Attempting to remove all the eccentricity of the disk during one rotation of the disk may increase the impact on the disk, so the eccentricity was removed little by little during multiple rotations of the disk, and the eccentricity became zero. At this point, the optical disk is rotated to the number of rotations necessary for recording and reproducing information. One cycle of the sine wave for one round of the disk obtained from the optical head is
As shown in FIG. 5, the value of the eccentricity of the disk on the straight line A connecting the center 11 at the time of rotation 9 and the laser beam emitting portion 12 of the optical head 2 is shown. It is desirable that the place of contact is point B or point C where the extension of the straight line A and the outer peripheral edge of the optical disc 1 intersect.

〔The invention's effect〕

As described above, the present invention includes an eccentricity removing unit which moves the optical disk in the radial direction by contacting the outermost peripheral portion of the optical disk by power inside the optical disk device according to the present invention, based on the track error signal obtained from the optical head. The eccentricity of the disk is calculated, the eccentricity removal part is brought into contact with the outermost periphery of the disk, and further pressure is applied in the radial direction to move the optical disk from the center axis by the eccentricity of the disk obtained based on the track error signal By doing so, the eccentricity of the optical disk can be removed.

Therefore, the burden of causing the laser light emitted from the optical head to follow the pre-groove of the optical disk is reduced, and information can be recorded / reproduced / erased stably even when the optical disk rotates at a high speed. Therefore, there is an effect that it is possible to provide a highly reliable optical disk device that solves the problem that information cannot be recorded / reproduced / erased.

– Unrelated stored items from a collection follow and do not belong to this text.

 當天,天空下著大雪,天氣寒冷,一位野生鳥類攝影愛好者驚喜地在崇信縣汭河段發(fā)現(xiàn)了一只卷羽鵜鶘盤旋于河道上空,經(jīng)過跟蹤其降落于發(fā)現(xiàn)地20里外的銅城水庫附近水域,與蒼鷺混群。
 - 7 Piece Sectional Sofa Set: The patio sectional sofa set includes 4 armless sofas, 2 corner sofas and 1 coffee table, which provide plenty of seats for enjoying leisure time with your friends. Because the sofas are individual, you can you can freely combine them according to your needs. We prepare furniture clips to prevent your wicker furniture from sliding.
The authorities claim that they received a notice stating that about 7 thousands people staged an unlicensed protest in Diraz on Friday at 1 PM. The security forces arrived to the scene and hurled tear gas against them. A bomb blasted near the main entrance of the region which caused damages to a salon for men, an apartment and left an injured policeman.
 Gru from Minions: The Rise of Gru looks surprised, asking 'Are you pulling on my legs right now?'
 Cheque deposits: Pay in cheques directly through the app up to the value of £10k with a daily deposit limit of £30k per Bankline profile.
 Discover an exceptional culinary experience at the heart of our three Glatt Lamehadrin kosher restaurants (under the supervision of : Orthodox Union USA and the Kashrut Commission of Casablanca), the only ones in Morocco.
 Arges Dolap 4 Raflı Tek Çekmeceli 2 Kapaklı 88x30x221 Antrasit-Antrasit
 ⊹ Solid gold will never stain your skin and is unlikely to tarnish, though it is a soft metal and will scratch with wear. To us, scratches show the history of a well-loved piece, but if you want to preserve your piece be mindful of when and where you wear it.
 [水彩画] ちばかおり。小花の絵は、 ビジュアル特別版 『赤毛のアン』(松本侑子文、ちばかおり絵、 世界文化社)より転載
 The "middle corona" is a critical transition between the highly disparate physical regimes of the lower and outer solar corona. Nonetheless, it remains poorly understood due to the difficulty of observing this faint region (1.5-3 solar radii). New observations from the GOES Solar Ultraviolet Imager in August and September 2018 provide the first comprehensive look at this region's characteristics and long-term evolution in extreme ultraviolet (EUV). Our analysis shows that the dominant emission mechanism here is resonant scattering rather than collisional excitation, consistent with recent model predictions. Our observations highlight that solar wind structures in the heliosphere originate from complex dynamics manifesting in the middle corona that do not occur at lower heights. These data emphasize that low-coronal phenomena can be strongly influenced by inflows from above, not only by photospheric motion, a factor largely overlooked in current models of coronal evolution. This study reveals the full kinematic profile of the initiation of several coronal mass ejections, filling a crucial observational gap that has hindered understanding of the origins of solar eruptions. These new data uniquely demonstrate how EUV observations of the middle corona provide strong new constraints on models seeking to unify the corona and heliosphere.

[Brief description of the drawings]

FIG. 1 is a block diagram of an embodiment of an optical disk device, FIG. 2 is a diagram showing an optical disk eccentricity removing unit, FIG. 3 is a diagram showing an optical disk clamp unit, and FIG. 4 is a diagram showing a track error signal obtained from an optical head. FIG. 5 is a diagram showing a position at which the optical disk eccentricity removing tool and the optical disk are brought into contact with each other. FIGS. 6 and 7 are schematic views of a main part of a conventional optical disk device. DESCRIPTION OF SYMBOLS 1 ... Optical disk 2 ... Optical head 3 ... Filter 4 ... Drive circuit 5 ... Drive part 6 ... Eccentricity removal tool 7 ... Rotary motor 8 ... Clamp part 9 ... Rotary axis 10 ... Track servo circuit 11 ... Center of rotation axis 12 ... Laser beam emitting part 13 ... Magnet coil 14 ... Condenser lens 15 ... Spring 16 ... Laser beam 17 ... Galvanometer mirror 18 ... Center hole

Claims (1)

(57) [Claims] 1. An optical disk apparatus for recording / reproducing and erasing information by using a laser beam, comprising: an eccentricity removing section which contacts an outermost peripheral portion of an optical disk and moves the optical disk in a radial direction; An eccentricity removing method for an optical disk using an optical disk device comprising: an eccentricity detecting means for generating a sine wave of the formula (1); and a drive circuit for moving the eccentricity removing unit so that the sine wave of one cycle becomes zero. An eccentricity removing unit that contacts the outer circumference of the optical disk such that a sine wave of one cycle of the track error signal for one rotation of the optical disk becomes zero, and moves the optical disk in a radial direction.